WHAT THE TASK REQUIRES: Once you find the line with "EARTHY PINK SMOCKING" in the entries below, print it and each line after it up to and including the line with "(总)莱米家纺 2026新款", exactly, without pictures.

DATA:
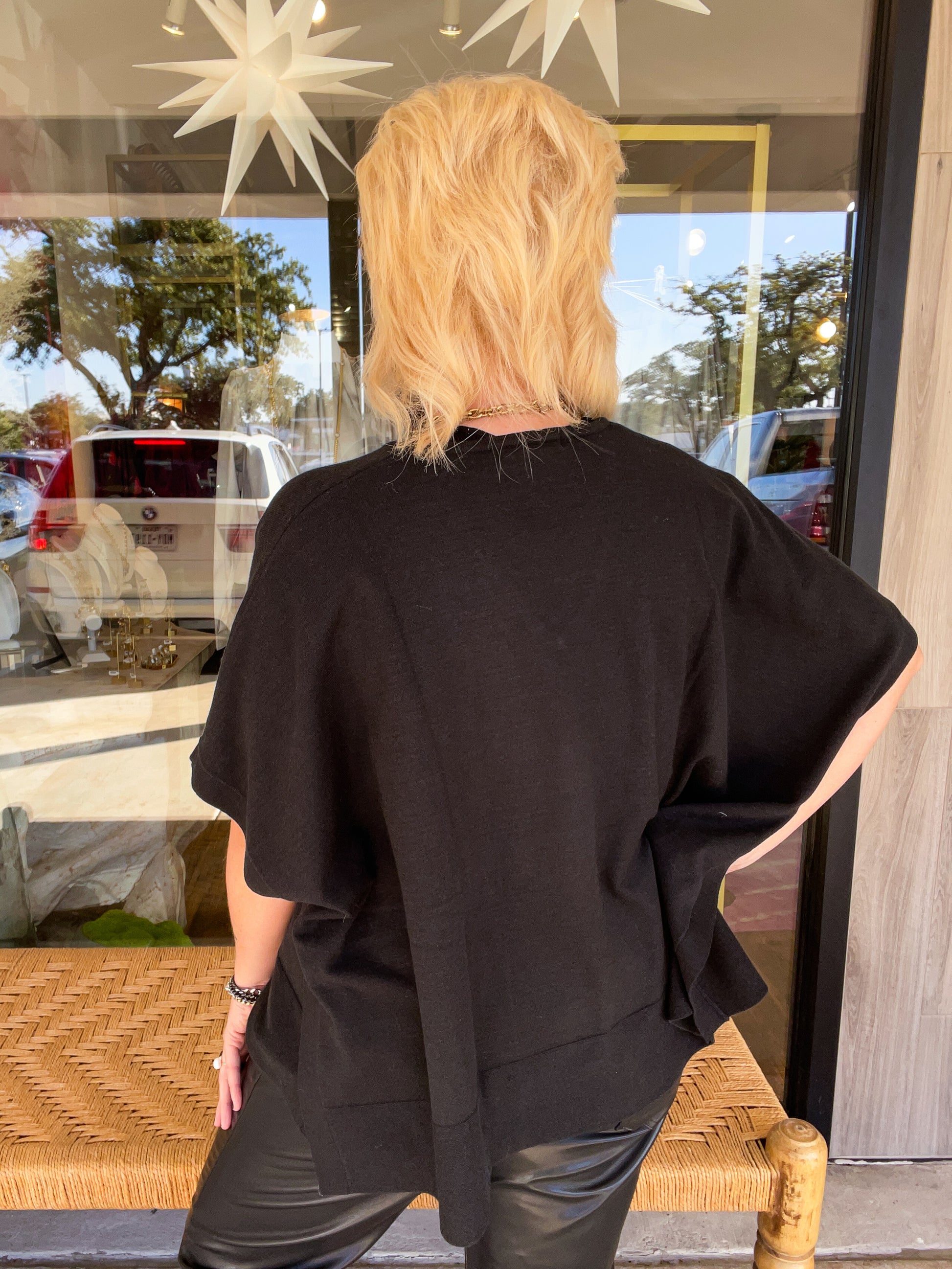 -Drop shoulder, cap sleeve, v-neck and straight hem with side vents for a great layering item.
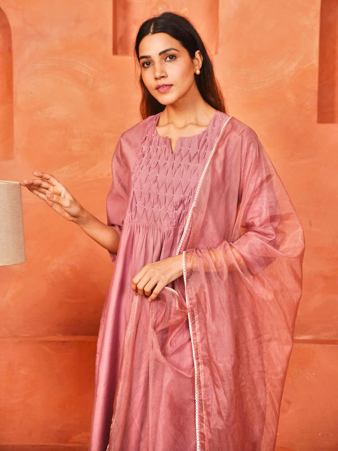 EARTHY PINK SMOCKING WORK SUIT SET WITH ORGANZA DUPATTA
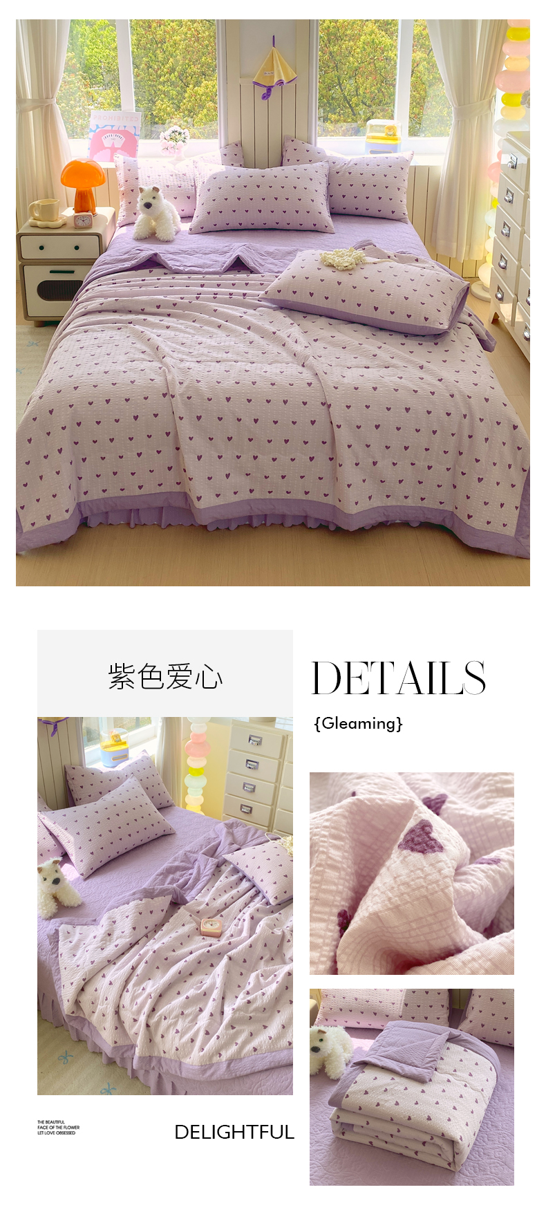 (总)莱米家纺 2026新款云感泡泡双层纱手包边夏被夏凉被空调被床盖四件套,费尔岛-红,费尔岛-咖,费尔岛-紫,海底星星,卡其波点,绿花枝叶,绿樱桃,兔兔之家,星星人,紫色爱心,棕蝴蝶结
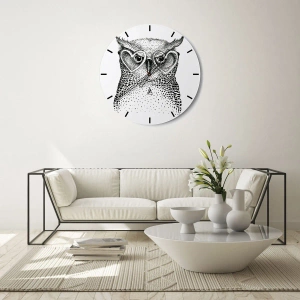 Die Uhr besteht aus 4 mm dickem Sicherheitsglas Glas. Die Herstellungstechnologie der Uhr entspricht der Sicherheitsklasse 2B2 gemäß der Norm PN-EN 12600: 2004, die Stoßfestigkeit garantiert. Die Uhr auf dem Glas ist bereit zu hängen - es hat einen Metallanhänger, einen Anhänger auf der Rückseite der Uhr und einen Schaumstoffabstand, der einen gleichmäßigen Abstand zwischen der Uhr und der Wand reguliert. Die Uhr hat einen geräuschlosen Schwimmmechanismus, der von einer 1,5-V-Batterie betrieben wird - AA-Batterie inbegriffen).
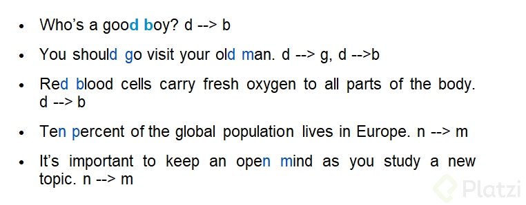 Al igual que con /t/, el sonido /d/ se modifica a /b/ en presencia de /p/, /b/ o /m/, permitiendo un flujo más natural del habla.
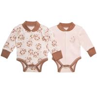 Боди из х/б трикотажа с принтом "Обезьянки и банан". Длинный рукав. Горловина, рукав на трикотажном манжете, проймы отделаны трикотажным кантом. Застёжка кнопки по центру, по всей длине и снизу, между пройм. Рукав-реглан у размера 56. Наружные швы у размеров 56,62.Размер 56: длина 30 см, обхват груди 38 см, длина рукава 19 см.
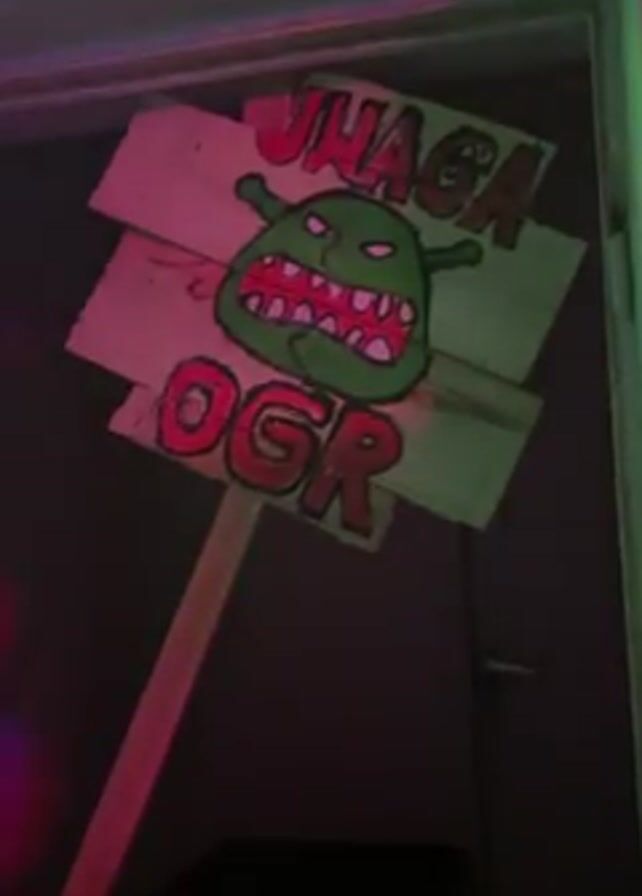 A homemade sign reads “UWAGA OGR” (Attention Ogre) with a depiction of Shrek
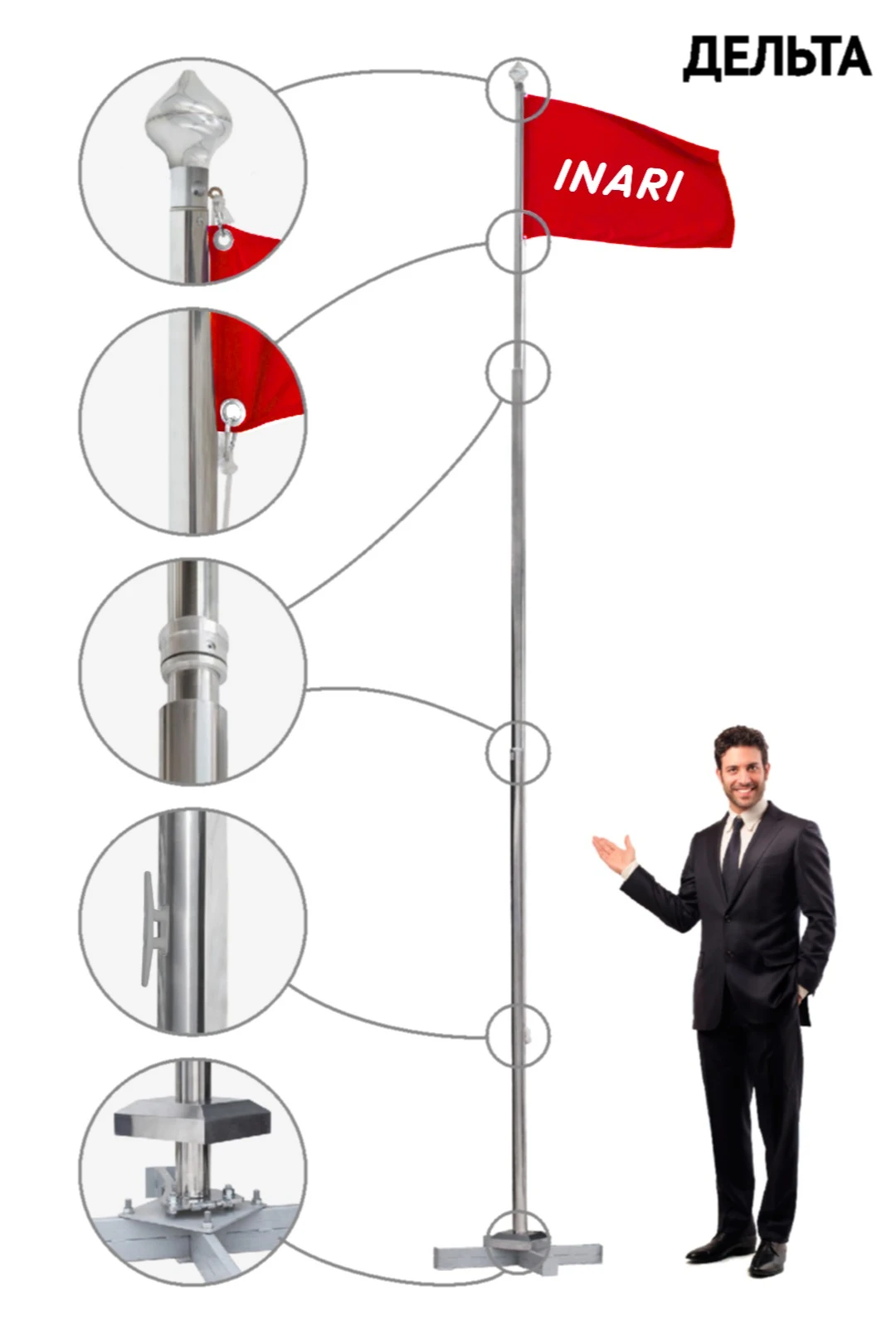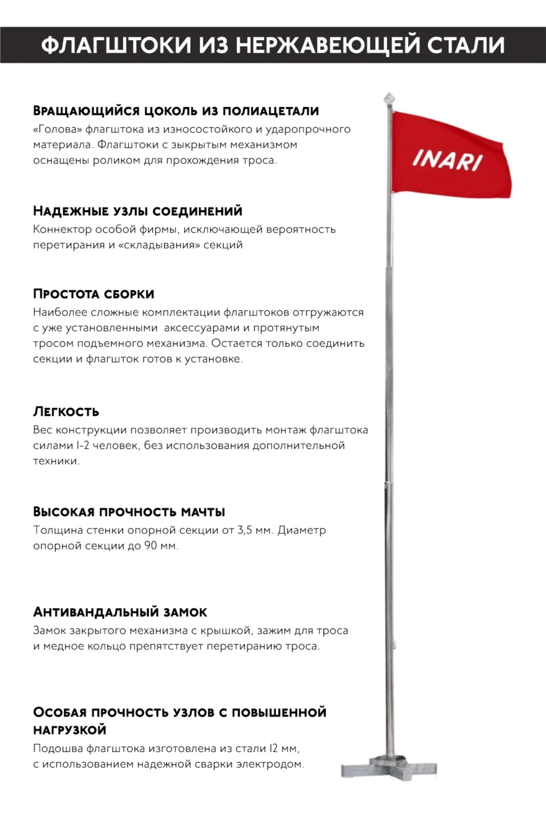 Флагшток из нержавеющей стали отличается прочностью, долговечностью и презентабельным внешним видом (благодаря зеркальной матовой поверхности). Флагшток устойчив к воздействию различных погодных условий, не ломается под порывами ветра, прост в эксплуатации и не требует тщательного ухода после установки. Флагшток от "Инари" собирается быстро и легко. В отличие от цельных конструкций флагштоков из нержавеющей стали, он имеет большую мобильность, поскольку состоит из нескольких секций. Флагштоки изготавливаются из нержавеющей стали AISI 304.

SOLUTION FOR THIS EXERCISE:
 EARTHY PINK SMOCKING WORK SUIT SET WITH ORGANZA DUPATTA
 (总)莱米家纺 2026新款云感泡泡双层纱手包边夏被夏凉被空调被床盖四件套,费尔岛-红,费尔岛-咖,费尔岛-紫,海底星星,卡其波点,绿花枝叶,绿樱桃,兔兔之家,星星人,紫色爱心,棕蝴蝶结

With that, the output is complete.